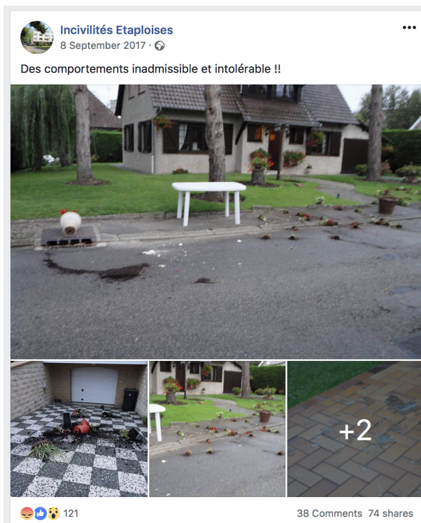
Figure 2. ‘Incivilités étaploises’ Facebook page, captured 11 September 2017. Status translation: ‘Unacceptable and intolerable behaviour!!’.

Analysis of the page over a two-year span shows that, despite periods of lesser activity, the posts shared on the page (predominantly by the page owners) often trigger a fair number of reactions and comments – with peaks between 20 and 70 comments. The data allows us to track the publications which generate the most reactions and assess the nature of the interactions. It appears that contributors generally vent their anger against alleged examples of incivility or insecurity, sometimes in quite crude terms, sometimes criticizing the local authorities for their lack of reaction. On the other hand, users who either follow this page or have just discovered it can be quite critical of the initiative, or deride it and make fun of the page.
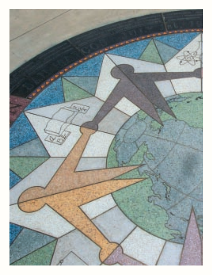
"Diversity Seal" at Cal State San Marcos
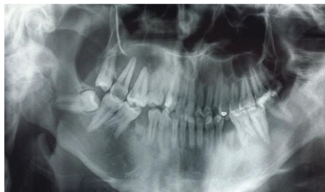
Fig. 6. Radiographs of 35 and 45 and an asymptomatic impacted 48.

The surgery selected was the least traumatic possible in the given circumstances. The patient was placed in a semi-sitting position, with the neck held straight to prevent hyperextension of the neck. The appointments were kept short.
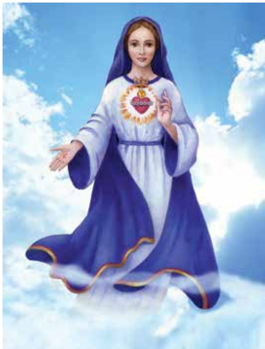
Mary, Refuge of Holy Love

ARCHANGEL GABRIEL ENTERPRISES INC. RosaryOfTheUnborn.com
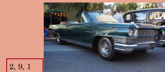
2, 9, 1
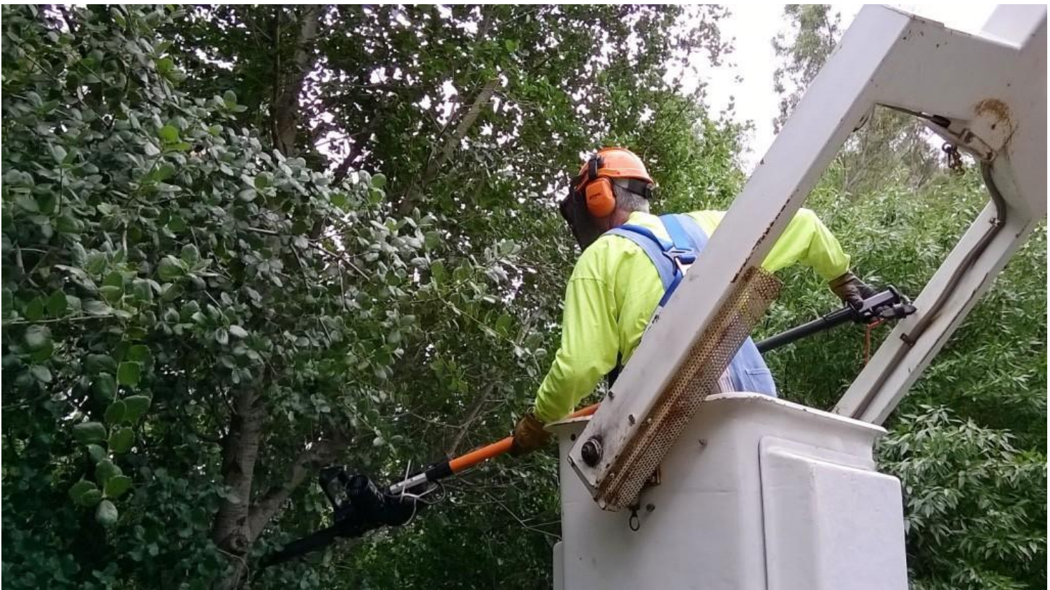
Dave, flying overhead in the man-lift's bucket, taking on the enemy
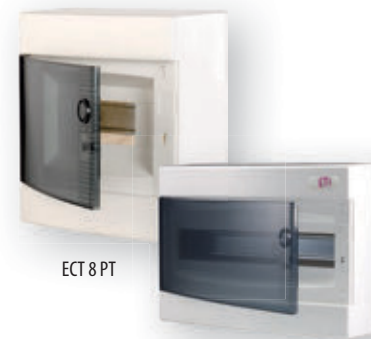
ECT 8 PT
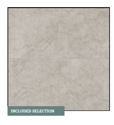
KITCHEN BACKSPLASH 12" x 12" Ceramic Tile in AR05 Casper | Recommended Grout Color: Sahara Beige
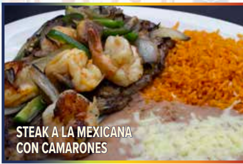
STEAK A LA MEXICANA CON CAMARONES
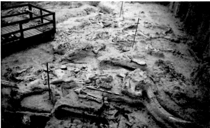
Female mammoths at the Waco Mammoth dig site in 1990.

For instance, evidence at this site suggests females stayed together in a group, called a nursery herd. This matches modern elephant behavior. Elephant herds have a matriarch, the oldest female in the group. This “grandmother” has the most experience finding food and defending against predators. Did Waco’s mammoth herd rely on a matriarch too?
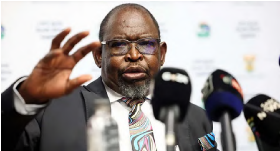
▲ The markets will be watching Finance Minister Enoch Godongwana closely when he delivers the Medium-Term Budget Policy Statement.

SOUTH Africans battling high food and fuel costs could get some relief, if the Reserve Bank’s calculations are right. The markets will be watching Finance Minister Enoch Godongwana closely when he delivers the Medium-Term Budget Policy Statement on November 12. Wednesday’s budget is likely to bring the cost of living into sharp focus, with economists saying he could well back a plan to lower the country’s inflation target range. South African Reserve Bank Governor, SARB Governor Lesetja Kganyago, has been pushing to lower the inflation target from the current 3%–6% range to a flat 3%. Kganyago argues that a lower target would support “sustainable economic growth and cheaper borrowing costs”. This could eventually make borrowing and living costs cheaper. Investec treasury economist Tertia Jacobs said the change would give the policy more credibility. “What we have seen is that South Africa’s target range is actually at the top end of most emerging markets,” she said. Jacobs added that “what is very important is that the minister of finance backs it up with a lower inflation target, say from 2 to 4 percent”. Jacobs said the Reserve Bank had already shifted its focus to the bottom end of the current 3 to 6 percent range. “If the government can embrace it because it means broader buy-in, that will give impetus and support to the Reserve Bank,” she said. National Treasury and the central bank had been investigating the impact of
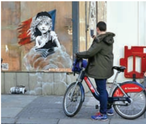
People photograph a new graffiti mural attributed to Banksy, opposite the French embassy in London, Britain on 25 January.

Other works in the French town that homes thousands of migrants from the Middle East and Africa who want to enter Britain also appeared on Banksy’s website.—Reuters
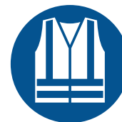
HIGH VISIBILITY CLOTHING
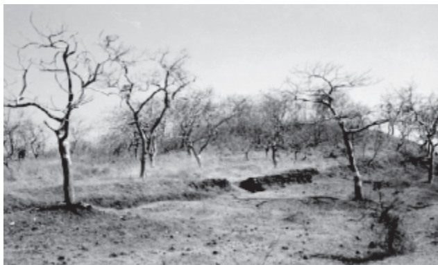
Photo 8.2 Land degradation due to erosion

unpermissible levels of timber, firewood, and fodder extraction from the forests. The demand for commercial timber comes from industries including pulp and paper, plywood, packaging, housing, matchwood, sports goods, furniture, agricultural implements and railway-coaches (FSI 1987). The total demand for timber, including small timber, was estimated at 64.4 million cum for 1996 with a growth rate of 5% per annum (FSI 1995).
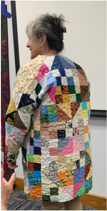
Sweatshirt Jacket Back
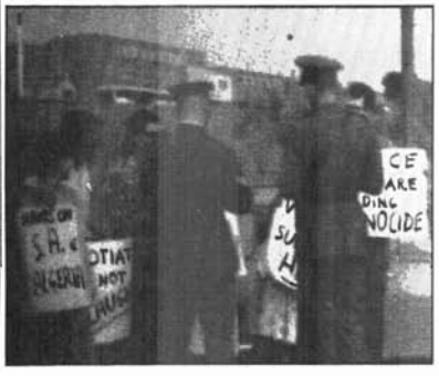
Police question Congress demonstrators carrying placards reading "Hands off South Africa and Algeria" and "France, you are aiding genocide,
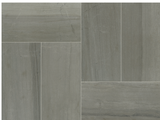
AV305 ▶ Apollo HON
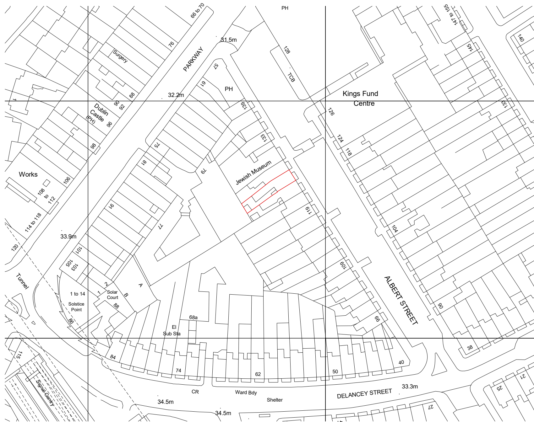
2 Site Plan 1 : 500
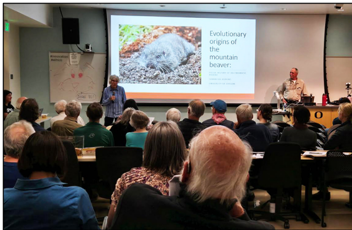
Audience ready for the presentation!

O UR GROUP OF EIGHT ENJOYED DINNER AT THE UNTHANK HALL FOOD COURT. There was enough variety that everyone was able to find something they liked. As we strolled to our talk, we felt the Friday night energy of a college
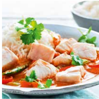
Alaska Pollock fish cubes

The preparation of light and creative fish dishes often requires the use of fish pieces, which can be easily portioned. Our natural fish cubes cut from high-value fillet blocks are an ideal basis for individual recipes. Classic fish ragouts, spicy fish gulash and exotic fish curry are just a few of many possible recipes, which can be prepared with these cubes in an easy and convenient way.
####
» Exercise
Reproduce only the lines from the line that holds "O UR GROUP OF" through the end of the records, exactly as they stand, both ends included and pictures excluded.

» Your response
O UR GROUP OF EIGHT ENJOYED DINNER AT THE UNTHANK HALL FOOD COURT. There was enough variety that everyone was able to find something they liked. As we strolled to our talk, we felt the Friday night energy of a college
Alaska Pollock fish cubes

The preparation of light and creative fish dishes often requires the use of fish pieces, which can be easily portioned. Our natural fish cubes cut from high-value fillet blocks are an ideal basis for individual recipes. Classic fish ragouts, spicy fish gulash and exotic fish curry are just a few of many possible recipes, which can be prepared with these cubes in an easy and convenient way.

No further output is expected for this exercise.